Examples from serology show some clinically important variations that are often overlooked in common test naming. West Nile virus antibody titers are often ordered to evaluate vaccination status but are sometimes confused with IgM antibody presence used to identify a recent infection. In some cases, such as this IgM titer ELISA example, the method is included, but often, such as the first two, it is left to the laboratory to use the best available method. The first and last examples here would have a result such as “1:100”, the second would simply be “Positive” or “Negative.”

Method sometimes creates challenges, especially in serology, where we come to associate the method, which by itself is not clinically important, with specificity and sensitivity of specific test kits, which is important. LOINC tends not to capture these incidental correlations well and often needs suffixes on the method such as “-high sensitivity” to create the distinction. Similarly, commercial kit names are not part of the method but are often associated with performance characteristics and even regulatory requirements. When details of method are important to laboratory and lab network experts but not at the clinical or epidemiologic level, both veterinary medicine and public health laboratories often use a separate data element to carry that detail.

The 6 LOINC parts are combined using standard abbreviations to create short and long LOINC names. These names are somewhat human-readable but are most importantly unambiguous representations of the formal structure. An additional display name has recently been added to make a more appropriate display for user interfaces, reports, or other human-readable displays. The parts and names are available in 20 different language translations.

The good news for users of LOINC is that the 6 parts are becoming increasingly manageable. Test kit vendors are often including LOINC codes in their package inserts. Major medical groups and programs such as the Mayo Clinic, SHIC, and NAHLN, provide LOINC codes for the tests they provide and use.

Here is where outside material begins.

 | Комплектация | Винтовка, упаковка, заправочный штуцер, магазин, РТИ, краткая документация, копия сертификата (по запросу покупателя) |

It is also helpful that more and more laboratory information management system (LIMS) vendors are including provisions for standard code mapping in their software. This eliminates the need to maintain external mapping tables in parallel with the internal test list. Few if any LIMSs use LOINC as the LIMS internal test code system, although the new display names make that a little more reasonable. Mapping to locally chosen test names and local codes is the more common approach. The best systems allow mapping LOINC order codes to panels and tests with multiple results such as multiplex assays and LOINC result codes to specific observation value fields.

LOINC governance

Creating a new code in LOINC—or any other international standard—is a rigorous process. The standard is managed by a professional staff at the Regenstrief Institute in Indianapolis. Submissions are made by LOINC users around the world. Those submitters do need to understand the 6-part structure to create quality code requests. The requests are reviewed by Regenstrief staff who often request supplemental information to ensure proper coding of each part and assignment of appropriate long and short names. The whole process is overseen by 2 volunteer committees, one for Laboratory LOINC and another for Clinical LOINC. To date, veterinary medicine has 2 members on the Laboratory LOINC committee.

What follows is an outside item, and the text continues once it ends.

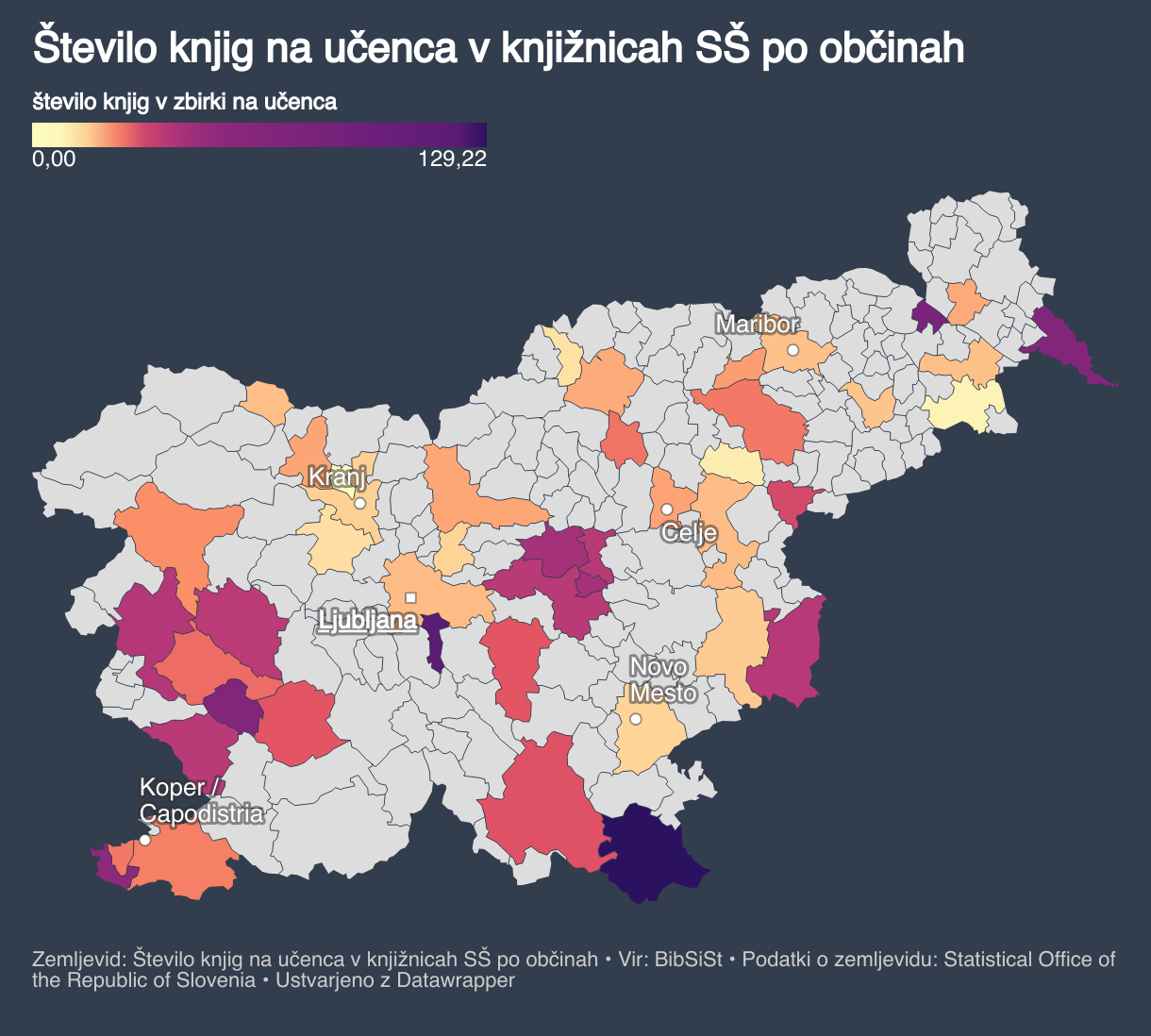 Število knjig na učenca v knjižnicah SŠ po občinah

The resulting LOINC standard is free for use world-wide. The only significant restriction is that the contents may not be used to create a competing standard. The standard and many supporting documents are available at https://loinc.org.

Conclusion

Local test names and codes work very well in a local context and will always be the way laboratories and their clients will reference specific tests. When there is a need to exchange or aggregate test data across different laboratory and health systems, a common “Esperanto” naming system is needed. LOINC codes provide such a common language and enable a wealth of opportunities to leverage laboratory data more widely.